Regarding the claimant’s claims, the Brisc Legal attorneys demonstrated that the claimant has its own fault in how it proceeded contractually, since it agreed to enter the contract without first performing reasonable diligence to ascertain the property’s legal status—such as requesting a land registry extract—prior to concluding the sublease.
Given that the claimant acted as a professional, its conduct is not excusable and cannot justify the contractual liability of the defendant or in any case of the owner summoned in guarantee.

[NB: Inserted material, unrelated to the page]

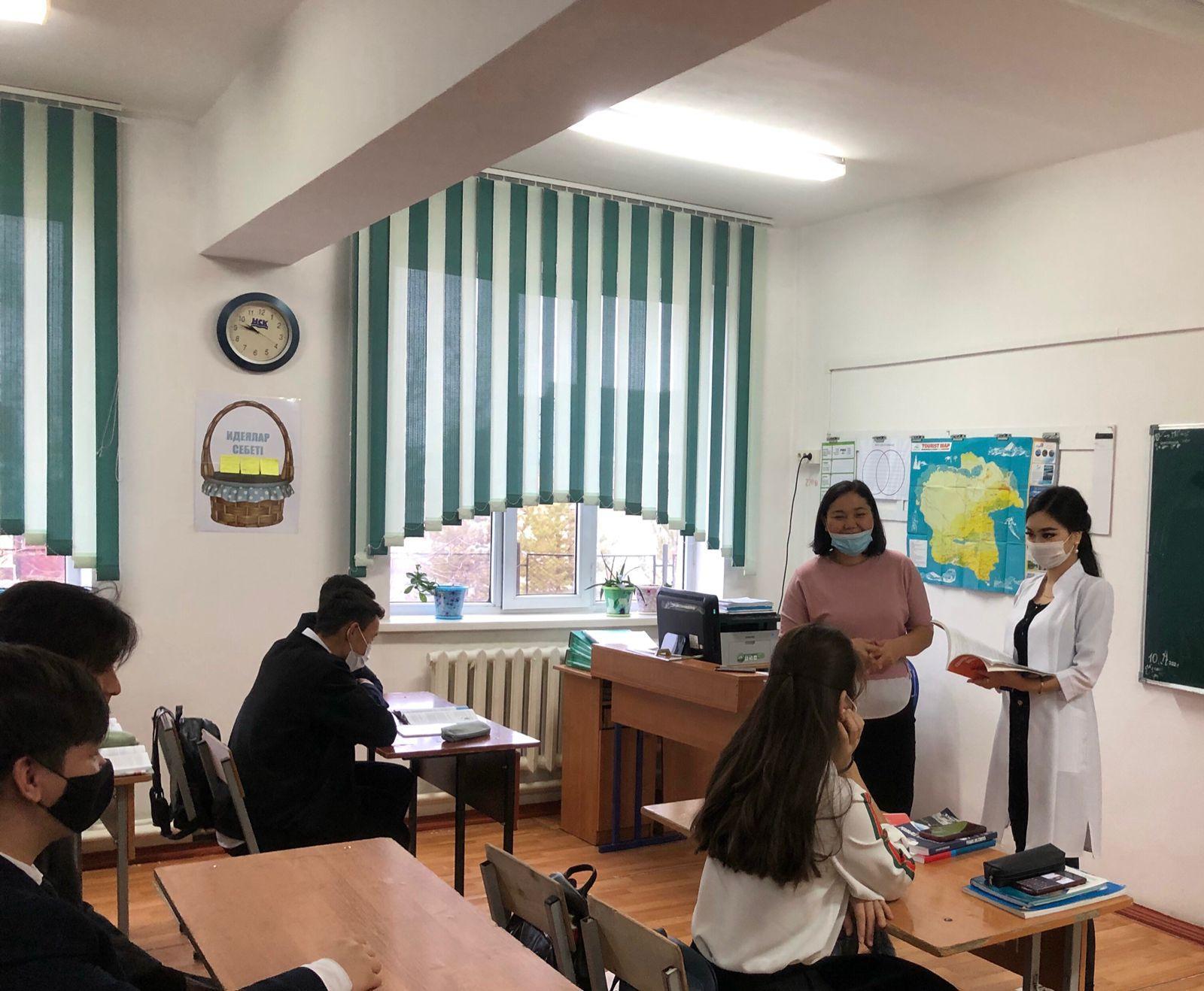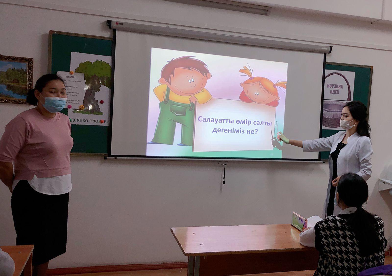 Салауатты өмір салтын сақтау туралы мектеп медбикесі кішігірім түсіндірме жұмыстарын жүргізді. Оның ішінде дұрыс тамақтану,зиянды әдеттерден алшақ болу туралы айта кетті. Оқушылар өздерін қызықтыратын сауалдарын қойып,жауап алды.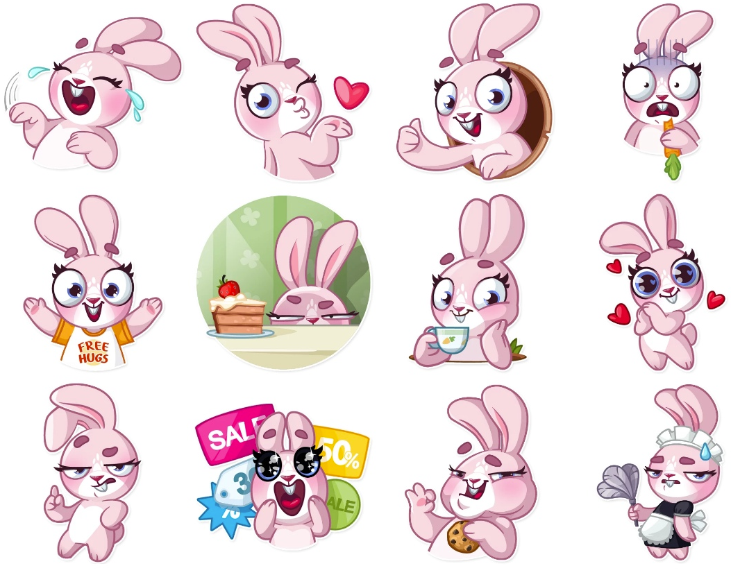 ![Кролики миленькие наклейки]()

Decision of the Cluj-Napoca Court

In accord with the arguments made by the Brisc Legal attorneys specializing in lease-derived litigation, the Cluj-Napoca Justice Court, taking over the considerations developed in defense by the party summoned in guarantee, held that the conduct of the defendant does not amount to fraud as a defect of consent, insofar as the property’s designated use could have been discovered by the claimant with reasonable diligence—e.g., by requesting a current land registry extract—prior to entering into the contract. The claimant in fact had an obligation to inform itself; that information was public and easily verifiable, yet such a land registry extract was requested only one year after concluding the contract.
Considering the arguments, the court rejected as unfounded the claim made by the claimant company, and did not hold the guarantor liable under contractual civil liability. Payment of material damage, interest, lease costs, or investments in the space that the claimant requested was denied.
Regarding the solution of the lower court, the claimant company filed an appeal, which was rejected as unfounded by the Cluj Tribunal; no new arguments were raised in the appeal stage.